- Born: 8 September 1962 (age 64) London, England
- Education: University of East London University of London
- Occupation: Television journalist/presenter
- Notable credit(s): Worldfocus Foreign Exchange
- Website: hdreps.com/talent/daljit-dhaliwal.html

= Daljit Dhaliwal =

British newsreader and television presenter

Daljit Dhaliwal (born 8 September 1962) is a British newsreader and television presenter.

Dhaliwal is a former news presenter for the Al-Jazeera English news service that was broadcast from Washington, D.C. Previously, she was the anchor chair of Worldfocus on PBS, which aired its last broadcast on 2 April 2010. She has been best known for presenting the critically acclaimed program Foreign Exchange, also on PBS, and the United Nations Television produced 21st Century documentary seen on CUNY cable television. Dhaliwal also does news segments for ABC News Now. From January 2008 to October 2009, she was the sole anchor of Foreign Exchange. She later did one episode of Global Watch in April 2008. She had been previously working on and off as a newsreader for BBC World News since November 2005, mostly as a substitute for Katty Kay.

==Early life==
Dhaliwal was born in London, England, and grew up in Southall, London. She earned a bachelor's degree from the University of East London, an MA degree in politics, history and economics from the University of London, and an honorary doctorate from the University of East London.

==Career with BBC and ITN==

Dhaliwal started her career as a field reporter for BBC Home TV News, then became an anchor at ITN World News.

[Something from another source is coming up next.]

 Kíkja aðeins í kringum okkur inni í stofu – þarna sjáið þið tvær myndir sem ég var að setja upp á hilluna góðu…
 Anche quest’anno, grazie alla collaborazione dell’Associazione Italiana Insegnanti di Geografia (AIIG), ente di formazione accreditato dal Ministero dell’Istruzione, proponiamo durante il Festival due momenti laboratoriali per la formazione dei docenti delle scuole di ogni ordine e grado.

When ITN started the ITN World News she regularly presented the evening bulletins until the end of 2001. She presented with Andrew Harvey with each alternating each hour throughout the evening. Later in 2001, Dhaliwal's ITN World News broadcast was cancelled due to a lack of corporate funding (PBS switched from ITN World News to BBC World News which has late-breaking live broadcasts). She also was co-host of the inaugural season of PBS's Wide Angle in 2002. She returned as sole anchor in 2006, then left.

She had previously been a presenter, starting out for BBC Home News as a field reporter and then Channel 4 News. She left BBC Home to host ITN World News and Worldfocus, a news summary, on weekends.

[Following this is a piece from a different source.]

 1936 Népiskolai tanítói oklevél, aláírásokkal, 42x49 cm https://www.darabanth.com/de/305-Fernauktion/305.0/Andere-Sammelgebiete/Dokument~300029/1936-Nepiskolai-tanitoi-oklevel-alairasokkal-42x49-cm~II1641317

==Move to the United States==
Dhaliwal left London to work in Atlanta, Georgia, at CNN International and CNNfn. She became a temporary replacement newsreader on BBC World in November 2005 to substitute for Katty Kay who was on maternity leave. She had co-anchored primarily from WNET's studios on West 44th Street in Times Square, New York City, but usually reported from the BBC World News studios in Washington, D.C.

After that she moved to Atlanta, Georgia, wooed there by CNN International and CNNfn to host Your World Today. Dhaliwal has also worked for the United Nations and UNICEF, hosting important conferences in New York City and The Hague, Netherlands. She continues to work for the United Nations, presenting UNTV's award-winning monthly newsmagazine 21st Century.

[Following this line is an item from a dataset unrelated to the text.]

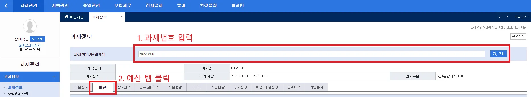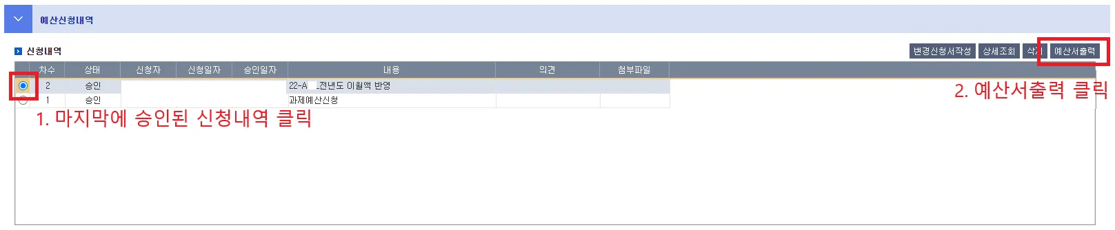 신청내역이 2건 이상인 경우 두번째 내역부터 ‘실행예산 변경 내역(n차)’로 출력

For two seasons, Dhaliwal hosted Wide Angle from July 2006, but left to do her other shows and was replaced by reporter Aaron Brown. She hosted Foreign Exchange and Global Watch. Dhaliwal is currently a news presenter on Al-Jazeera English and ABC News Now, hosting a variety of programs for the digital network.

==Recognition==
In May 1999, she was named one of People Magazine's "50 Most Beautiful People in the World" and in August 1999, Esquire Magazine placed her on their "Women We Love" list.

On 6 July 2000, after much anticipation on his part, David Letterman invited Dhaliwal to his show. Prior to her appearance, Letterman gushed during his shows about how beautiful he thought she was, took up the habit of chanting Daljit Dhaliwal, Daljit Dhaliwal every night, and would say how he would get his people to bring her to the show.